"Come on, brother," she said, prying his hands away and holding onto one, "we'd better get you indoors before you start singing."
They went into the plaza and crossed it diagonally. Flags and sagging Marxmas bunting hung motionless above it, dim in the glow of distant walkways. "Where are we going anyway?" he asked, walking happily. "Where's the secret meeting place of the diseased corrupters of healthy young members?"
"The Pre-U," she said.
"The Museum?"
"That's right. Can you think of a better place for a group of Uni-cheating abnormals? It's exactly where we belong.
Easy," she said, tugging at his hand; "don't walk so energetically."
A member was coming into the plaza from the walkway they were going toward. A briefcase or telecomp was in his hand.
Chip walked more normally alongside Snowflake. The member, coming closer—it was a telecomp he had—smiled and nodded. They smiled and nodded in return as they passed him.
They went down steps and out of the plaza.
"Besides," Snowflake said, "it's empty from eight to eight and it's an endless source of pipes and funny costumes and unusual beds."
"You take things?"
"We leave the beds," she said. "But we make use of them now and again. Meeting solemnly in the staff conference room was just for your benefit."
"What else do you do?"
"Oh, sit around and complain a little. That's Lilac's and Leopard's department mostly. Sex and smoking is enough for me. King does funny versions of some of the TV programs; wait till you find out how much you can laugh."
"The making use of the beds," Chip said; "is it done on a group basis?"
"Only by two's, dear; we're not that pre-U."
"Who did you use them with?"
"Sparrow, obviously. Necessity is the mother of et cetera. Poor girl, I feel sorry for her now."
"Of course you do."
"I do!

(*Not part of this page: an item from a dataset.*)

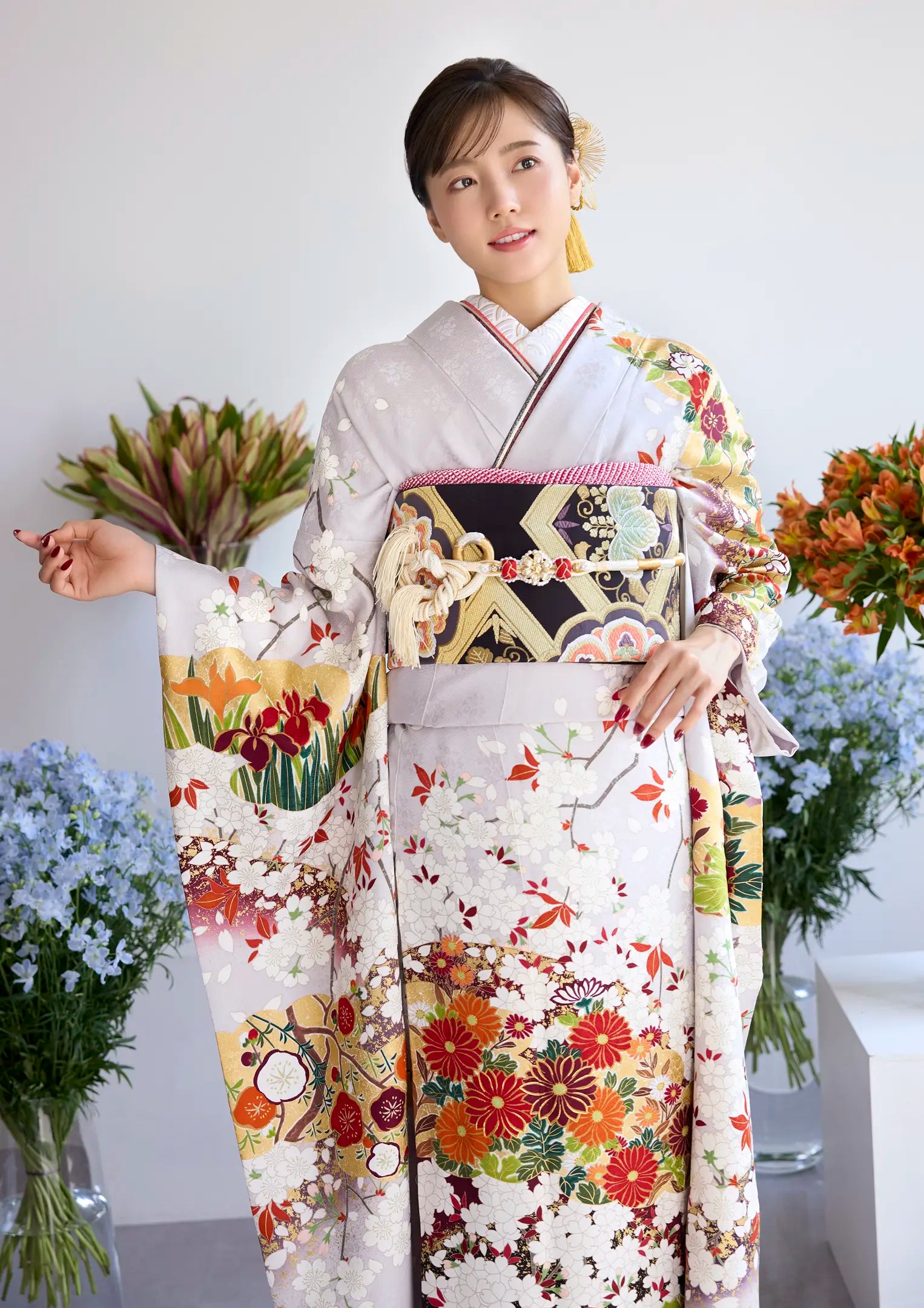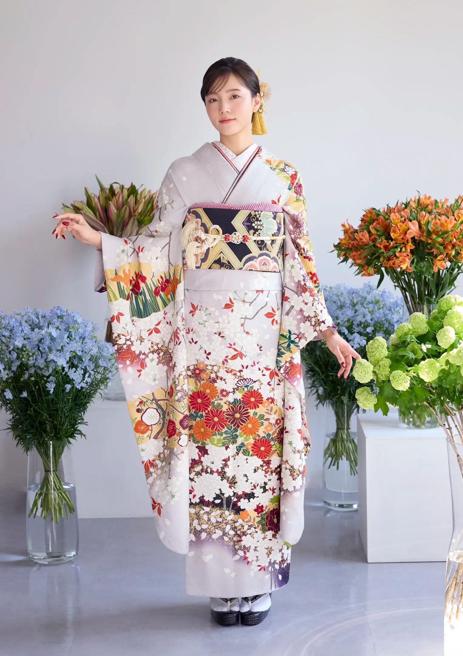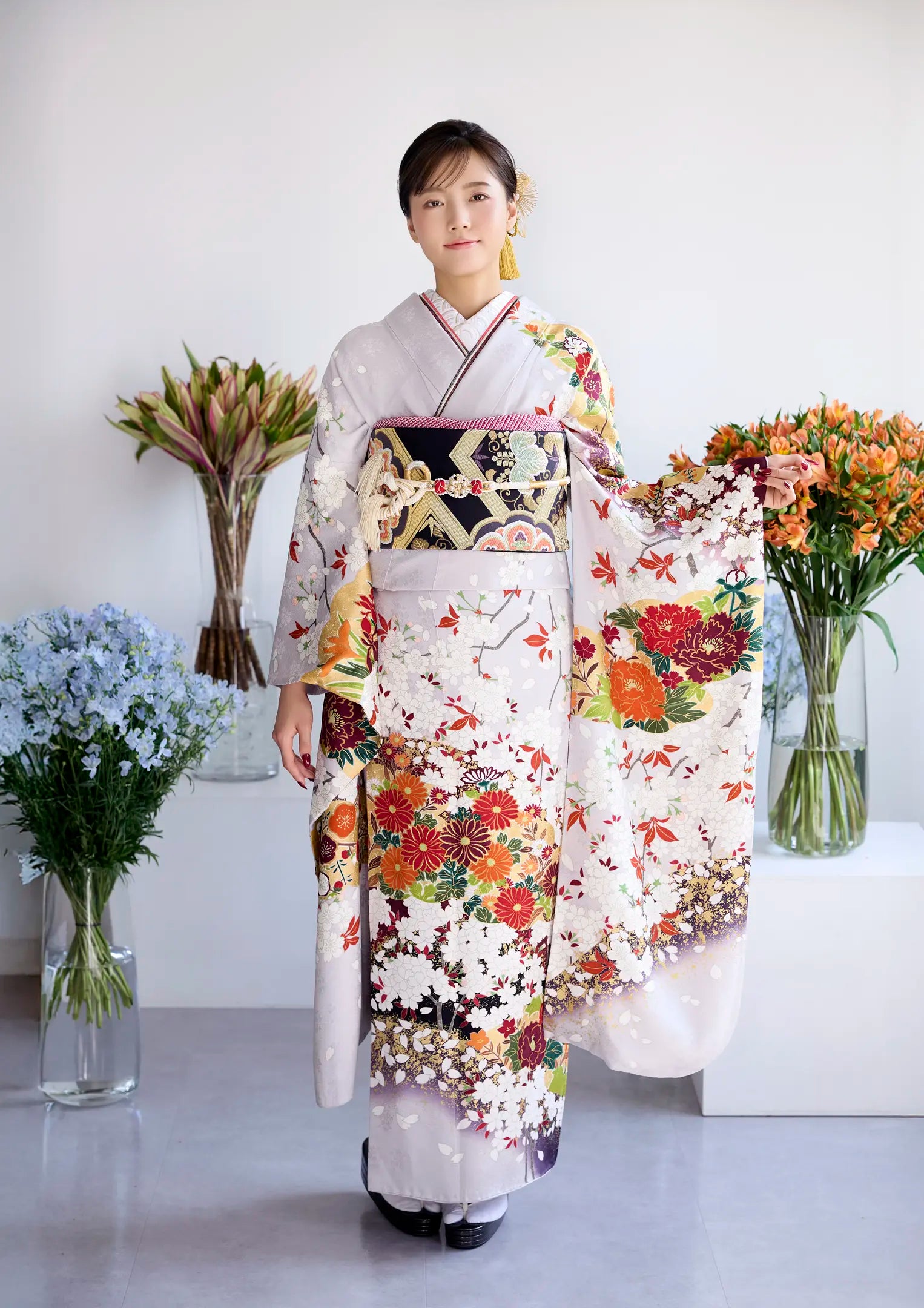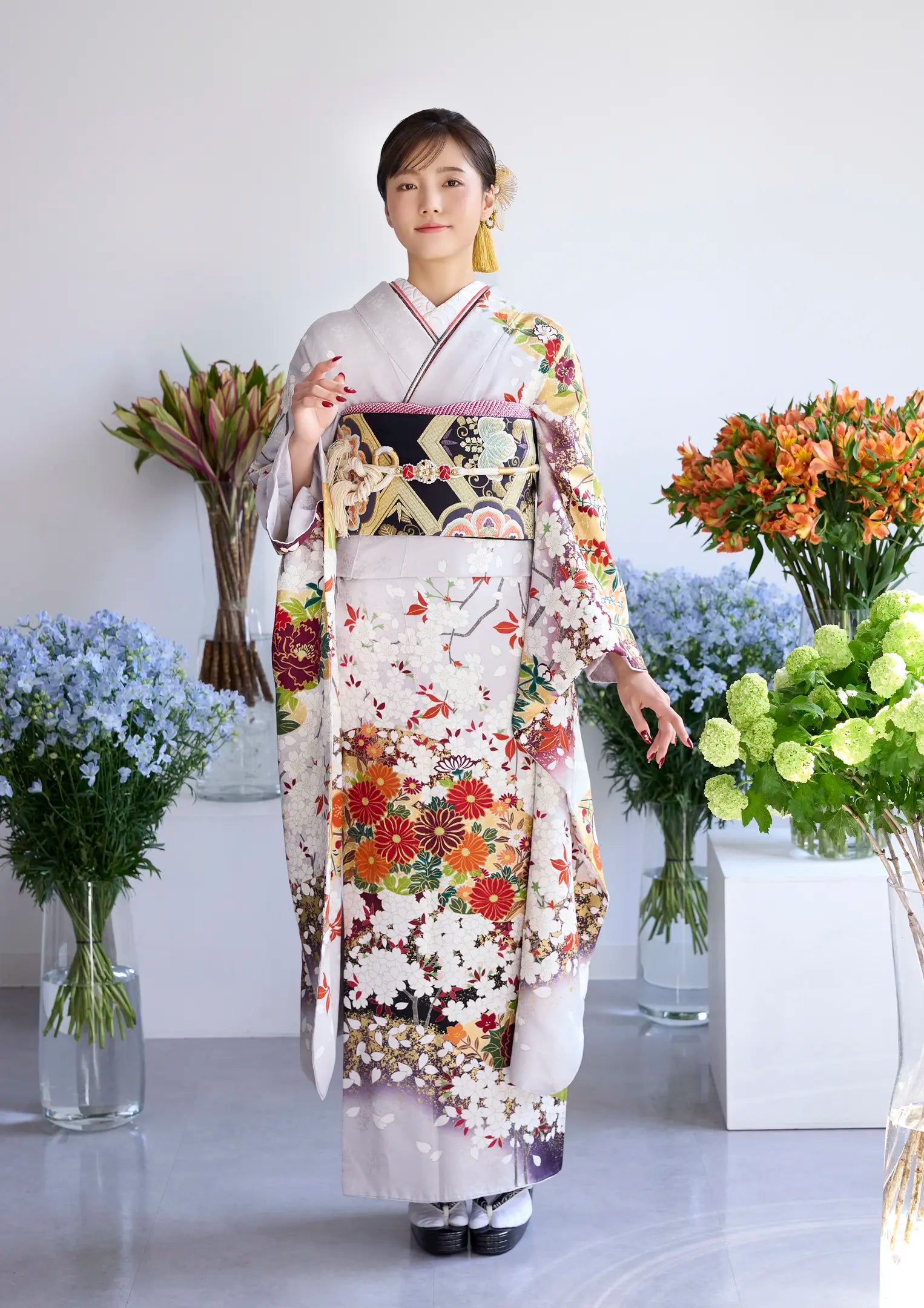 淡い紫地に、白で描かれた満開の桜。澄んだ空気、春霞を感じる雅な逸品です。 赤や橙、紫で描かれた菊や牡丹も華やかで美しい。肩や裾などに施された雲取りの金が上品に煌めき、華やかさを添えます。 すっきりとまとめた髪に金色の髪飾りで上品に仕上げました。

Oh well, there's an artificial penis in Nineteenth Century Artifacts. She'll survive."
"King says we should find a man for her."
"We should. It would be a much better situation, having four couples."
"That's what King said."
As they were crossing the ground floor of the museum-lighting their way through the strange-figured dark with a flashlight that Snowflake had produced—another light struck them from the side and a voice nearby said, "Hello there!" They started. "I'm sorry," the voice said. "It's me, Leopard."

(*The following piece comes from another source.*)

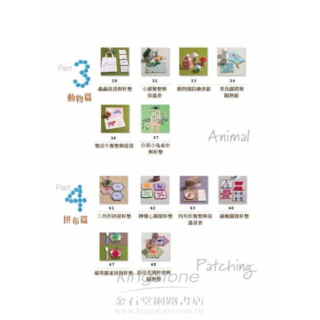 ◎全書56款、105件不同創作,讓讀者學習小圖案的縫紉技巧,同時進行大圖案的組合設計。
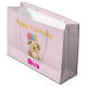 Large gift bag for 1st birthday gift: This cute gift bag for a little girl turning one features a happy puppy, a cake and balloons. Personalize it with the birthday girl's name to make it even more special. The back is full of little puppies joining the party :-) Also check out my matching birthday cards in various sizes. Also available for little boys in blue. Designed by Best Baby Gifts - given with love.

Snowflake swung her light onto the twentieth-century car, and a flashlight inside it went off. They went over to the glinting metal vehicle. Leopard, sitting behind the steering wheel, was an old round-faced member wearing a hat with an orange plume. There were several dark brown spots on his nose and cheeks. He put his hand, also spotted, through the car's window frame. "Congratulations, Chip," he said. "I'm glad you came through." Chip shook his hand and thanked him. "Going for a ride?" Snowflake asked.
"I've been for one," he said. "To Jap and back. Volvo's out of fuel now. And thoroughly wet too, come to think of it." They smiled at him and at each other.
"Fantastic, isn't it?" he said, turning the wheel and working a lever that projected from its shaft. "The driver was in complete control from start to finish, using both hands and both feet."
"It must have been awfully bumpy," Chip said, and Snow-flake said, "Not to mention dangerous."
"But fun too," Leopard said. "It must have been an adventure, really; choosing your destination, figuring out which roads to take to get there, gauging your movements in relation to the movements of other cars—"
"Gauging wrong and dying," Snowflake said.
"I don't think that really happened as often as we're told it did," Leopard said. "If it had, they would have made the front parts of the cars much thicker."
Chip said, "But that would have made them heavier and they would have gone even slower."
"Where's Hush?" Snowflake asked.
"Upstairs with Sparrow," Leopard said. He opened the car's door, and coming out of it with a flashlight in his hand, said, "They're setting things up. Some more stuff was put in the room." He cranked the window of the door halfway up and closed the door firmly. A wide brown belt decorated with metal studs was fastened about his coveralls. "King and Lilac?" Snowflake asked. "They're around someplace."
Chip thought, Making use of one of the beds—as the three of them went on through the museum. He had thought about King and Lilac a good deal since seeing King and seeing how old he was—fifty-two or -three or even more. He had thought about the difference between the ages of the two—thirty years, surely, at the very least—and about the way King had told him to stay away from Lilac; and about Lilac's large less-slanted-than-normal eyes and her hands that had rested small and warm on his knees as she crouched before him urging him toward greater life and awareness.